I have these moments of intense emotion, where I get a glimpse of the extravagant love of our heavenly Father and it literally takes my breath away.
My week has been stressful and I have a tendency when I feel stressed, anxious, and fearful to keep God at an arms length. When the whole time, I know my heavenly Father is looking at me and saying, "let me love you."
Today I came back to my dorm room burned by this week, sleepless nights, crappy test grades, bad attitudes, and feelings of low value. I layed on the floor in my dorm room and just began to call out to God. When we allow Him, he orchestrates our time together so perfectly. It just so happened that I was listening to this song:
http://www.youtube.com/watch?v=KW7CD29V4tU&feature=feedrec_grec_index
and my heart began to overflow with emotion and desperation...all the feelings, time, heart ache, stress, anxiety I had been feeling all week that I had kept from Him came flooding out. As I was listening to this song I was overwhelmed by God's grace.
I have these moments where I realize the weight and pevertedness of my sin and how my sin peverts the name of Jesus.....but a lot of times I sit in a place of self-condemnation instead of worshiping God for his merciful grace.
I let this song rush over me and the words filled my soul.
I opened my Bible and felt the need to read Hosea, listen to the words of the Lord and reflect on His great mercy and love:
"She has not acknowleged that I was the one who gave her grain, the new wine and oil, who lavished on her the silver and gold which they used for Baal." (hosea 2:8)
"She decked herself with rings and jewelry and went after her lovers but me she forgot" declares the Lord. "Therefore I am now going to allure her; I will lead her into the desert and speak tenderly to her. There I will give her back her vineyards, and will make the Valley of Achor a door of HOPE." (hosea 2:13-15)
"I will show my love to the one I called, 'Not my loved one.' I will say to those called, 'Not my people, 'You are my people'; and they will say, 'You are my God.' (hosea 2:23)
as fallen humans we do a fantastic job of putting walls between our hearts and the Lord...whether its fear, stress, school, friends, relationships, status, body image, insecurities.... But know that your Father in Heaven is looking at you saying, "Let me love you...let me heal you...allow me to change your life"

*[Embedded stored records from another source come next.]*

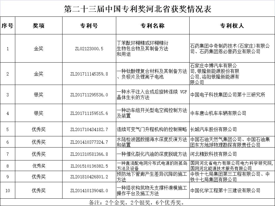 近日,國家知識產(chǎn)權(quán)局公布關(guān)于第二十三屆中國專利獎授獎的決定,河北省10項專利獲中國專利獎。其中,金獎、銀獎各2項,優(yōu)秀獎6項。河北省企業(yè)連續(xù)三年獲得中國專利獎金獎,金獎銀獎獲獎數(shù)量再創(chuàng)歷史新高。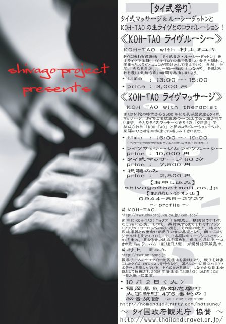 福岡の岩本です。 何か最近めっきり涼しくなってきましたね。 今年は秋が早いみたいですね。 いよいよ、ヌア・ボラーン合宿まであと1か月になりました。 まだ参加申し込みしてない方、どうしようか迷ってる方、申込お待ちしてます。 タイ政府観光庁にも協力して頂けるように決まりました! 2007 ヌア・ボラーン合宿in福岡 「タイ式祭り」 日時:2007年10月1日〜3日 会場:福岡県糸島郡志摩町大字新町476番地の1 初音旅館 http:// homepa ge2.ni fty.co m/hats une/ Tel:092-328-2038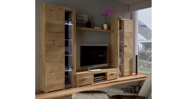 Obývací stěna Barva: dub lefkas Sestava se skládá z (rozměry šxvxh): * TV stolek (150 x 31,5 x 40,3 cm) * Vitrína (75 x 190 x 33,9 cm) - 2 ks * Police (150 x 16 x 17,6 cm) Celková šířka obývací stěny: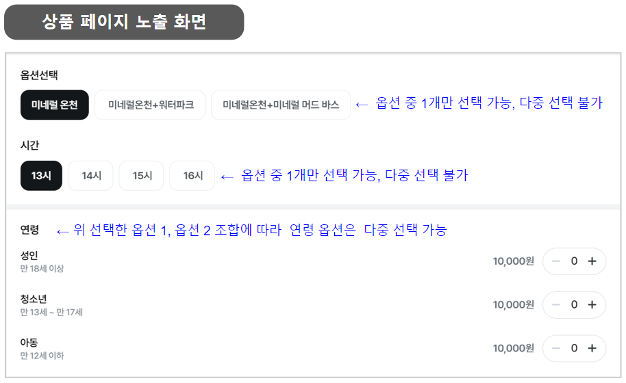 - 옵션1 + 옵션2 + 연령 정보를 조합하여 구매할 수 있도록 노출됩니다.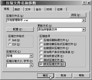 此命令只支持RAR压缩文件,同时,在压缩文件时,设置窗口中也有一个“锁定压缩文件”复选框●,一旦选中,生成后的压缩包将无法再修改,它对于备份重要数据很有用。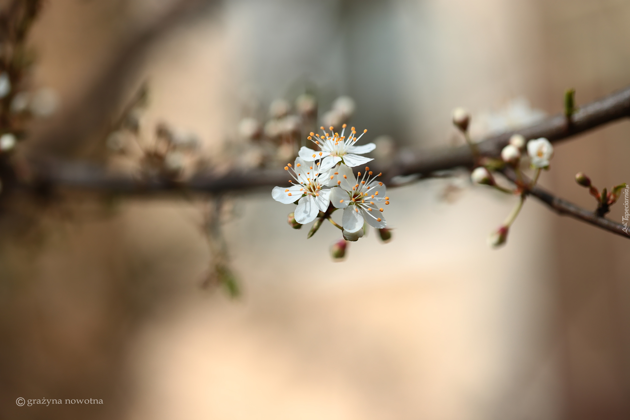 Edytor tapety: Białe kwiaty z pręcikami na gałązce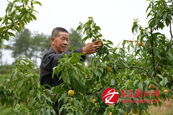 雙乳鎮(zhèn)江河村的黃桃產(chǎn)業(yè)園里也是一派豐收忙碌的喜人景象。成片的桃樹上,一顆顆成熟的黃桃身披紙質(zhì)“防護(hù)衣”,密密麻麻掛滿枝頭,微風(fēng)拂過,果香撲鼻,令人饞涎欲滴。務(wù)工群眾在林間來回穿梭,忙著采摘、運(yùn)輸成熟的黃桃,桃林間一片繁忙。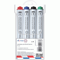 Набор маркеров для белой доски "Attomex" (04 цв - зел, красн, син, черн) круглый корпус с клипом, пулевидный наконечник, ширина линии 5 мм, в пластиковом блистере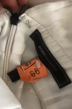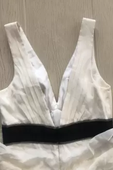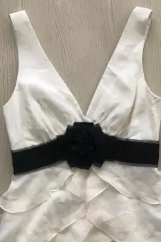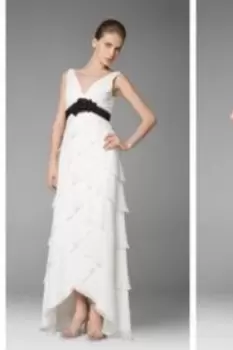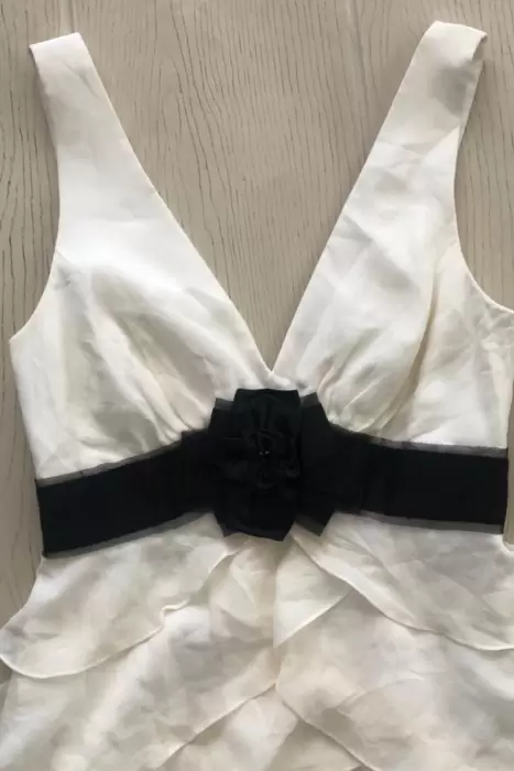 Vestido blanco largo de chifon escalonado con detalle de cinto negro y flor debajo del pecho, viene con cierre en la espalda y broche, tambien puede usarse como vestido de novia, no tiene detalle, solo necesita tintoreria.Medidas:Axila a axila: 44 cmCintura: 84Largo: 145 cm

I'm an art student consumed with God's love, figuring out the Fathers heart...in college.
Thursday, April 21, 2011
Tuesday, April 12, 2011
I want more.
http://www.youtube.com/watch?v=7NlJr6TE7b4&feature=player_embedded
I encourage you guys to listen to this while you read my simple thoughts...
I was at the prayer house tonight and I was just thinking about how I've lived my life....scared. Fearful of what I lack...fearful of what I could be. So this is me, stuck in this weird, awkward place where there is no movement. I think a lot of us are like that- we love God, but we're scared.

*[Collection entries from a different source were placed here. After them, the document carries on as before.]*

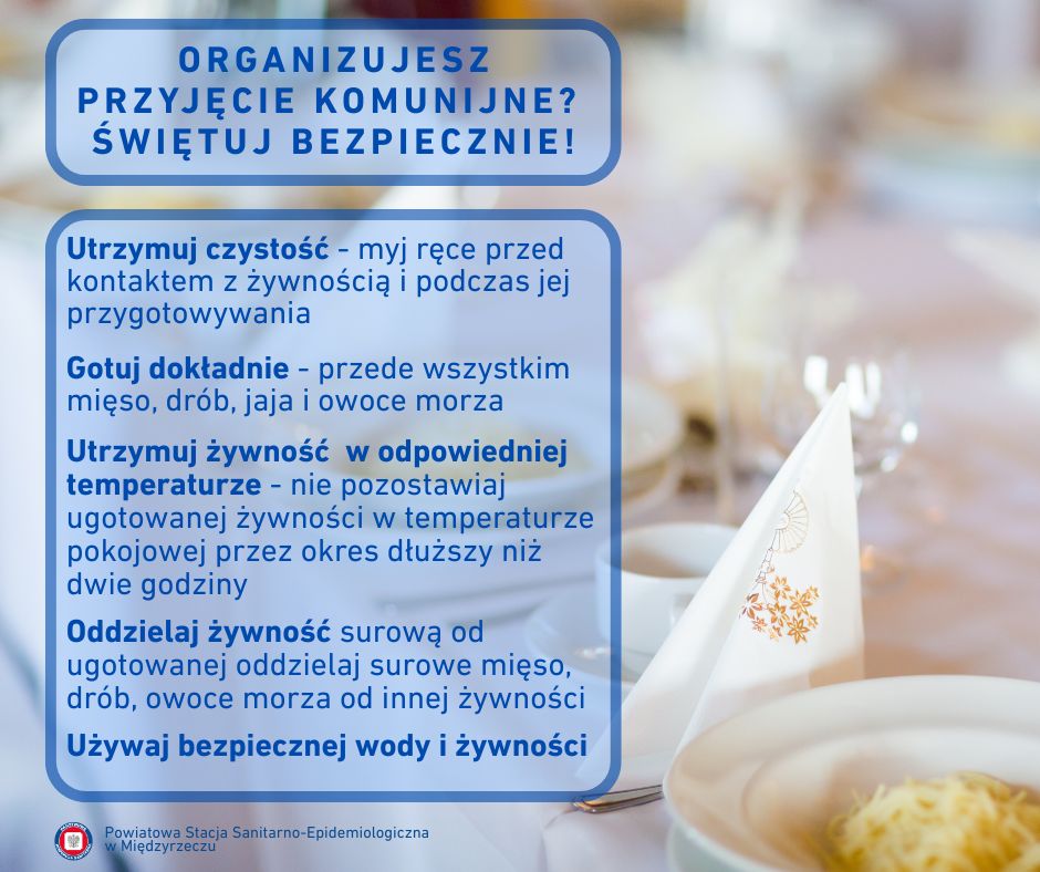 Trwa okres uroczystości komunijnych. Podczas przygotowywania poczęstunku należy pamiętać o pewnych zasadach, które pozwolą nam uniknąć zatruć pokarmowych. Zakażenia pokarmowe mogą być szczególnie niebezpieczne dla niemowląt, małych dzieci, osób z upośledzoną odpornością oraz osób starszych.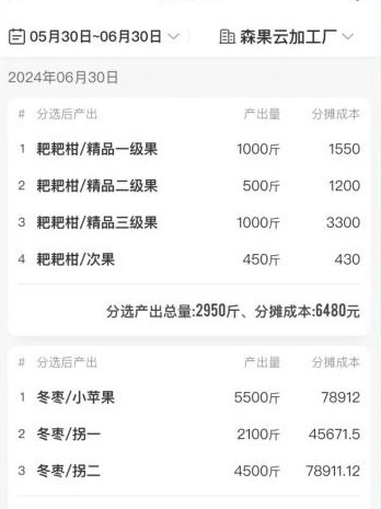 支持用户进行分选加工操作,能够对所需原料的产出信息一键录入,并完成规格分选流程。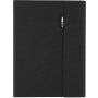 RPET mappa kb. A5-ös méretben, több rekesszel, telefontartóval és mágneses zárással. Tartalmazza a jegyzettömböt 64 vonalas lappal. Egyedileg csomagolva kraft papír tokba.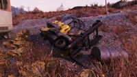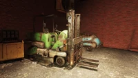 Found at loading docks or in industrial areas, the forklift contains one seat, with a steering wheel and controls, under an open roll cage. Variants are painted orange, green, white, red, and yellow, with the faded max load capacity on the side near the driver's seat. There are 282 forklifts in Appalachia. This includes color variants in the amounts of 134 orange, 64 yellow, 36 red, 9 white, and 39 green.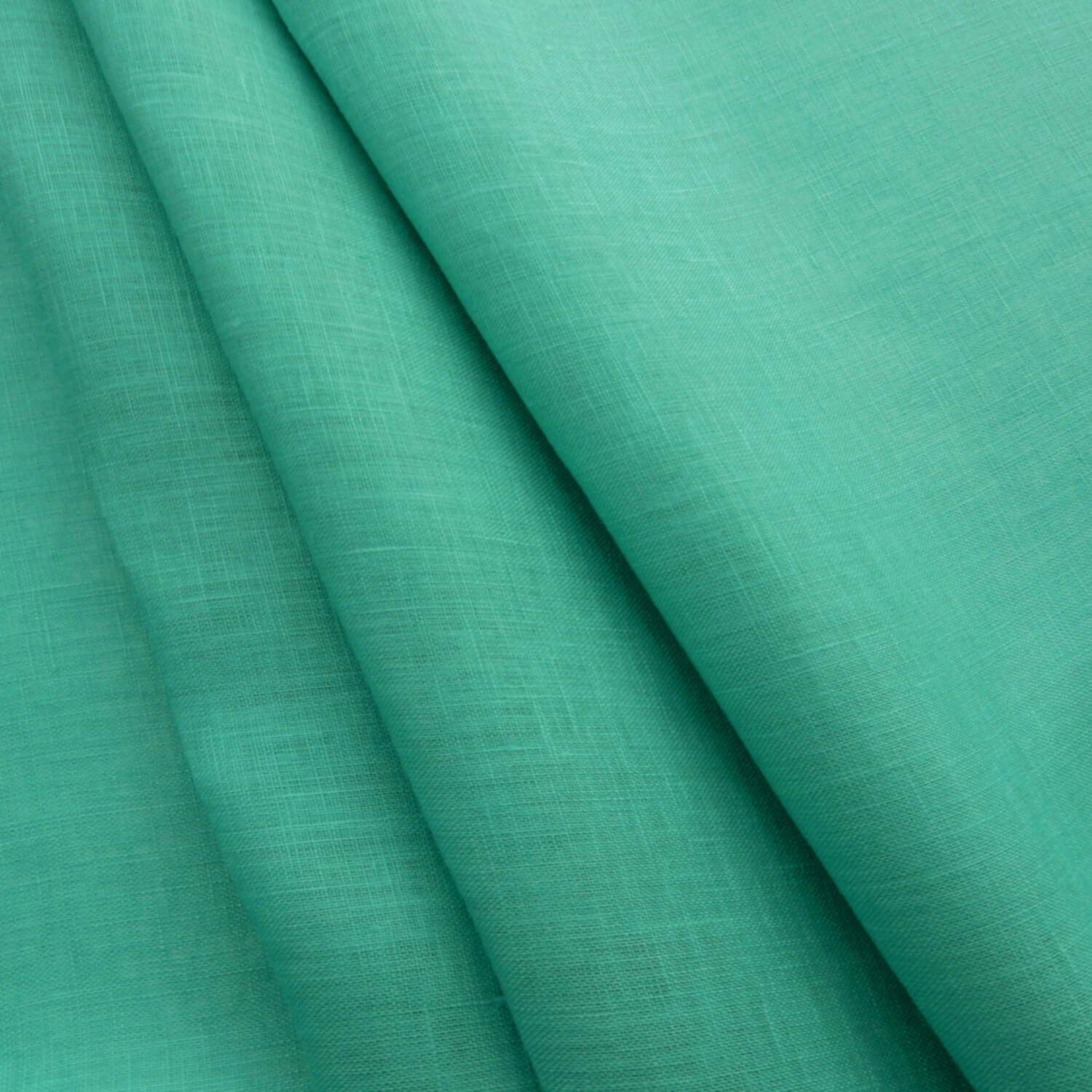 A calypso color, 4 ounce, finely woven and lightweight, semi-sheer Handkerchief Linen made from 100% French linen yarn, woven and finished in Ireland.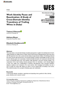 This study takes a cross-domain identity transition perspective to explore the development of work-related identities by trailing wives in Dubai, United Arab Emirates. Biographical-narrative interviews with 28 expatriate wives were conducted and analysed using thematic analysis. The findings indicated that these women approached their cross-domain identity transition sequentially through a process of work identity pause and reactivation. Gendered family demands and contextual constraints lead them to temporarily pause their work identity while adjusting to non-work domain changes. The reactivation of the work identity domain prompted them to redevelop a work identity aligned to their new reality. Four manifestations of identity redevelopment status emerged: hobbyists, adaptors, explorers and re-inventors. For some women, their emerging work identity was just a way to escape the ‘expat wife’ stigma, for others it was an opportunity to develop a new career. This article introduces the concepts of identity pause and reactivation.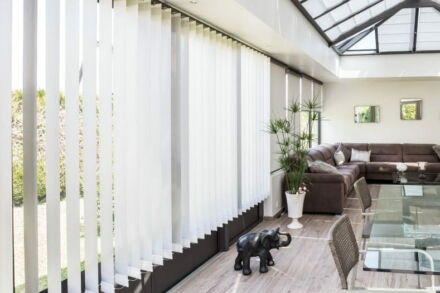 Afin de profiter au mieux de vos espaces vitrés, vérandas, puits de lumière, nous avons développé une gamme de stores verticaux qui convient à tous les profils d’aménagement.

I was thinking about my heart and how my fear derives from my orphan mentality. I think we all in a way have an orphan mentality- the fact if we have a biological father on this earth or not is not the point. I was thinking about my fears of not being protected or guarded, my fears of being exposed- not taken care of. Not seen as valuable or precious, treasured, or nurtured. We all have our orphan-like thoughts.
I read this in ephesians:
"For he CHOSE US in him before the creation of the world to be HOLY and BLAMELESS in his sight. In love he predestined us to be ADOPTED as his sons(and daughters) through Jesus Christ, in accordance with his pleasure and will- to the praise of his glorious grace, which he has FREELY given us in the One he loves. In him we have REPDEMPTION through his blood, the forgiveness of sins, in accordance with the riches of God's grace that he lavished on us with all wisdom and understanding." Ephesians 1:4-8
In my Women's Studies class we are giving Identity Projects where we are required to stand in front of the class and talk about who we are....(mine is on Friday, I will post the video here on Friday!)

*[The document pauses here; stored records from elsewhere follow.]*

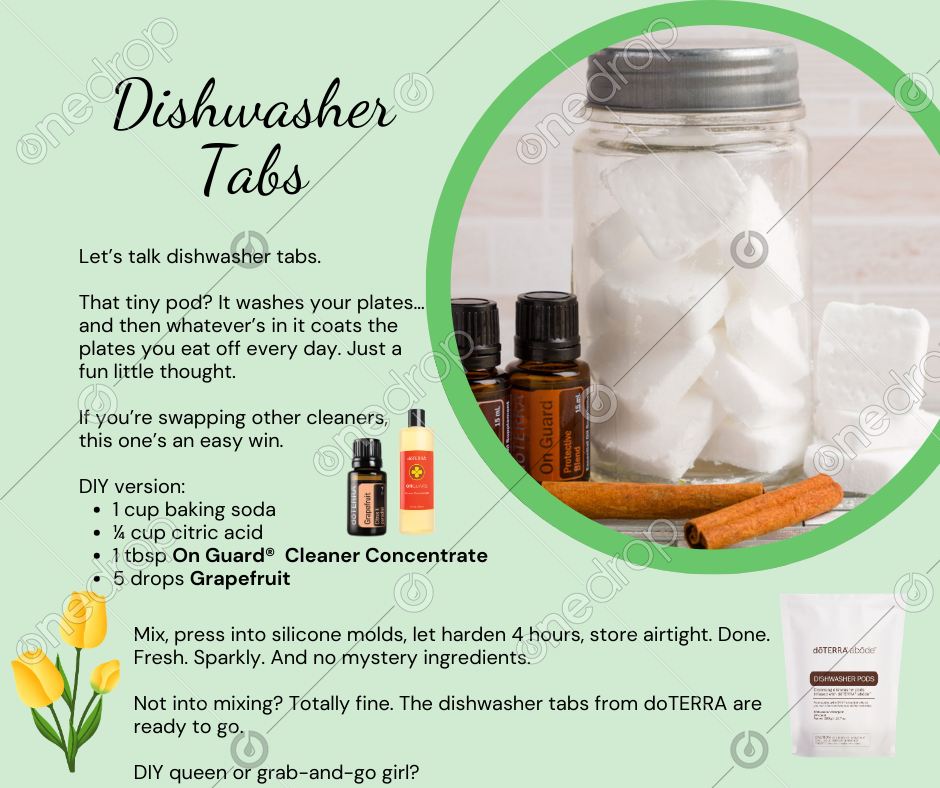 Not into mixing? Totally fine. The dishwasher tabs from doTERRA are ready to go.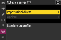 Selezionare Collega a server FTP > Impostazioni di rete nel menu di rete della fotocamera.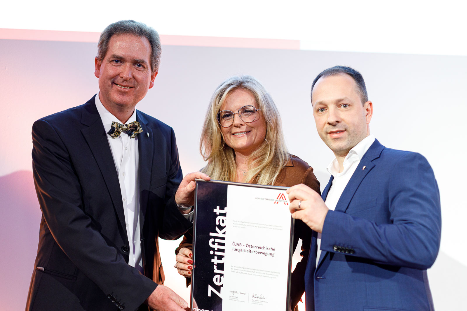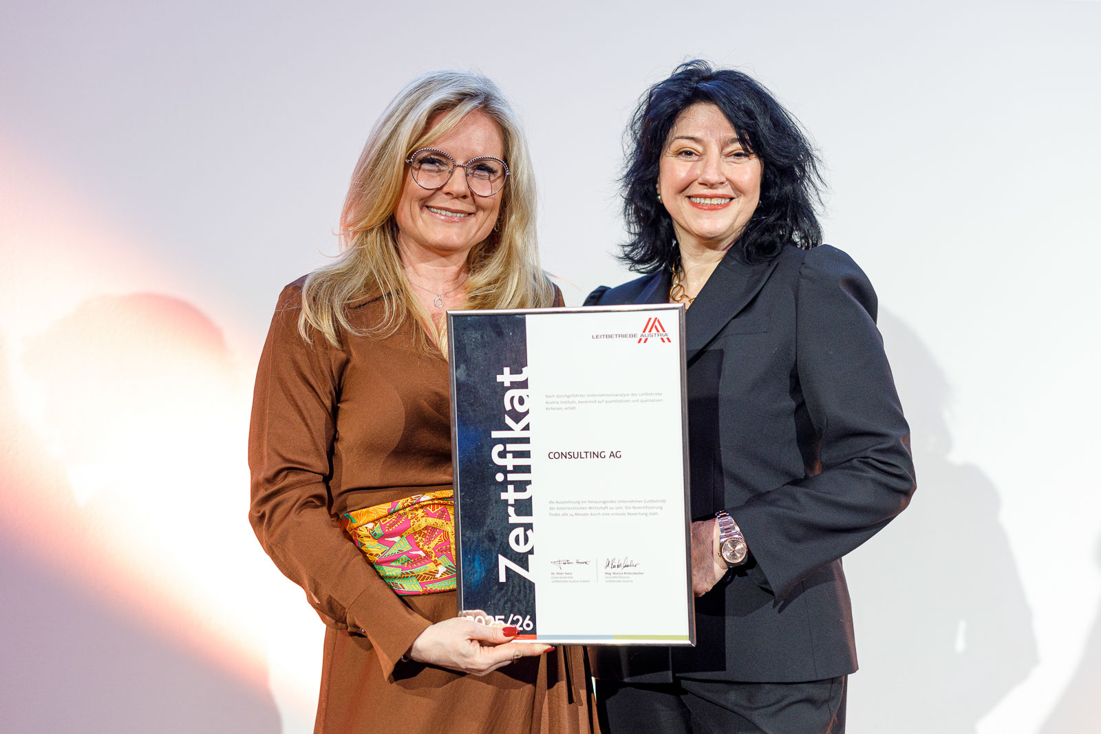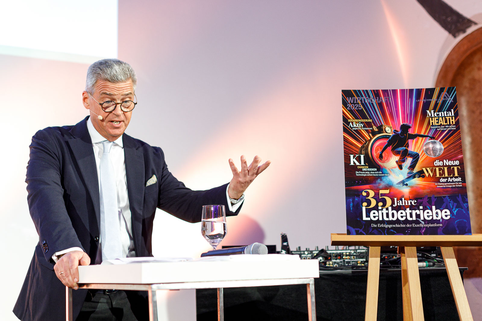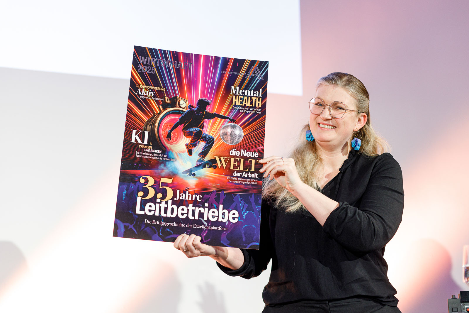 Weitere Highlights des Abends waren die Übergabe der Zertifikate an 21 neu- und rezertifizierte Leitbetriebe sowie die Präsentation des neuen Leitbetriebe-Wirtschaftsmagazins, das sich heuer den Megatrends Dekarbonisierung, Arbeitswelten, Mental Health, Künstlicher Intelligenz und Resilienz widmet.

One of my classmates got up and talked about how he was shuffled through foster care for his entire childhood and how he never felt wanted.... my heart broke for this guy but at the same time it rejoiced that we are no longer desperate orphans who are seeking to fill their voids with anything of this world. We are filled by the blood of Jesus! God has adopted us, we are not in foster care being tossed from adult to adult....we are chosen. We are taken in. We are His. Accept his grace, his mercy....accept his adoption.